Thanks and best Regards,
Daniel
ce.log is offline   Reply With Quote
Old 01-16-2012, 05:11 AM   #2
Bukowski
Senior Member
 
Location: Aberdeen, Scotland

Join Date: Jan 2010
Posts: 388
Default

I'm not quite sure what you're asking. BAM files contain reads (mapped and potentially unmapped) to a reference sequence. You indicate you already have the reference, so is the question "How can I extract reads from individual chromosomes from a BAM file?". If not, then this answer might be no use

You could just subset the bam file (http://www.1000genomes.org/faq/how-d...ction-bam-file) by chromosome and then extract the reads with bam2fastq (http://www.hudsonalpha.org/gsl/software/bam2fastq.php) I'm assuming you want fastq and not fasta, as if you convert to fasta you will lose quality information. If you do want fasta then the fastq->fasta conversion is trivial and implemented in many forms.
Bukowski is offline   Reply With Quote
Old 01-16-2012, 05:25 AM   #3
ce.log
Junior Member
 
Location: germany

Join Date: Jan 2012
Posts: 2
Default

Well, maybe I am just not quite sure, whether what I want to do really makes sense

For instance, given reference Chromosome 1 (of a/the reference genome), and some reads of human NA12283 from the 1000 Genome project, I just ask myself: "What does the Chromosome 1 of NA12283 look like". I would assume (maybe this is my mistake?) that I can just overlay all the mapped reads to the reference Chromosome 1 and then obtain "the" Chromosome 1 of NA12283 - at least roughly.

If all this makes (biologically) sense, then I would be interested in the FASTA file of Chromosome 1 of NA12283 - computed from the reference chromosome and the mapped reads.

About your solution: Once converted to FASTQ - don't I lose all the mapping information? I really want to *combine* the reads and the corresponding reference chromosome, not only convert reads to reads.
ce.log is offline   Reply With Quote
Old 01-16-2012, 05:32 AM   #4
Bukowski
Senior Member
 
Location: Aberdeen, Scotland

Join Date: Jan 2010
Posts: 388
Default

Ah, so you want to create a consensus sequence from the mapped reads per chromosome for a given individual?
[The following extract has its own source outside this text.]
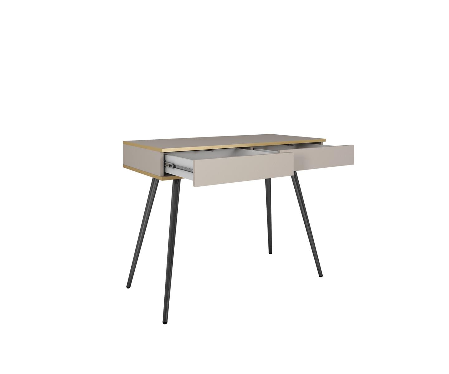 Toaletka została wykonana z wysokiej jakości płyty laminowanej o grubości 16 mm, co gwarantuje trwałość oraz odporność na zarysowania i uszkodzenia. Jej dwie przestronne szuflady to idealne miejsce na kosmetyki, akcesoria i inne niezbędne drobiazgi. Dzięki zastosowaniu systemu „push to open” otwieranie szuflad jest proste i wygodne, co eliminuje potrzebę montowania uchwytów i podkreśla minimalistyczny styl mebla.

So you could subset your bam's by chromosome and then do something like;

samtools pileup -cf ref.fa aln.bam | samtools.pl pileup2fq -D100 > cns.fastq
Bukowski is offline   Reply With Quote
Old 01-16-2012, 05:35 AM   #5
lh3
Senior Member
 
Location: Boston

Join Date: Feb 2008
Posts: 693
Default

For 4X coverage, there is essentially no way to generate a good consensus.
lh3 is offline   Reply With Quote
Old 04-10-2012, 08:55 AM   #6
elfuser
Member
 
Location: Toronto, ON

Join Date: Dec 2009
Posts: 16
Default

Quote:
Originally Posted by Bukowski View Post
Ah, so you want to create a consensus sequence from the mapped reads per chromosome for a given individual?
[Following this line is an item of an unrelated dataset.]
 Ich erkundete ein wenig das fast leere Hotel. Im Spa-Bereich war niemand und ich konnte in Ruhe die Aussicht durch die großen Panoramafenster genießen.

So you could subset your bam's by chromosome and then do something like;

samtools pileup -cf ref.fa aln.bam | samtools.pl pileup2fq -D100 > cns.fastq
I tried to run this but then I realized pileup was changed to mpileup and -c is not supported. so i run mpileup -uf, but I get may errors.
elfuser is offline   Reply With Quote
Old 04-10-2012, 06:48 PM   #7
bioinfosm
Senior Member
 
Location: USA

Join Date: Jan 2008
Posts: 482
Default

perhaps you can use the variant calls from this sample along with the reference sequence to sort of come up with 'the' sequence for this individual
__________________
--
bioinfosm
bioinfosm is offline   Reply With Quote
Old 11-08-2012, 12:27 PM   #8
Gabeloooooo
Junior Member
 
Location: Quebec

Join Date: Nov 2012
Posts: 8
Question

I'm trying to do the exact same thing! Did you ever find a way to get a decent fasta complete chromosome from one of the 1000 genomes samples?
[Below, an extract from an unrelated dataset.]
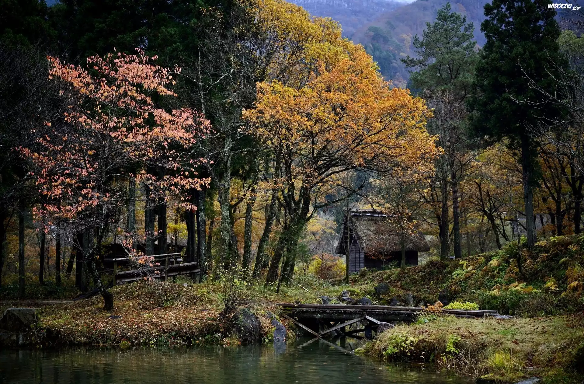 Zdjęcia, Las, Rzeczka, Chatka, Pomost

My understanding is the reference they use is hs37d5.fa.

So, can you use a BAM/BAI file combo from patient HG00XXX and map the reads to hs37d5.fa to get the rough 'genome' of patient HG00XXX?
Gabeloooooo is offline   Reply With Quote
Old 01-13-2013, 05:49 AM   #9
kriikku
Junior Member
 
Location: Estonia

Join Date: Jan 2013
Posts: 5
Default

See here for one way to get a .vcf file with SNPs and indels from the .bam file, or a consensus sequence:
http://samtools.sourceforge.net/mpileup.shtml

The consensus sequence generated by this method has the problem that it only applies the SNPs to the reference sequence, but not the indels.
The .vcf file is better since it includes both SNPs and indels.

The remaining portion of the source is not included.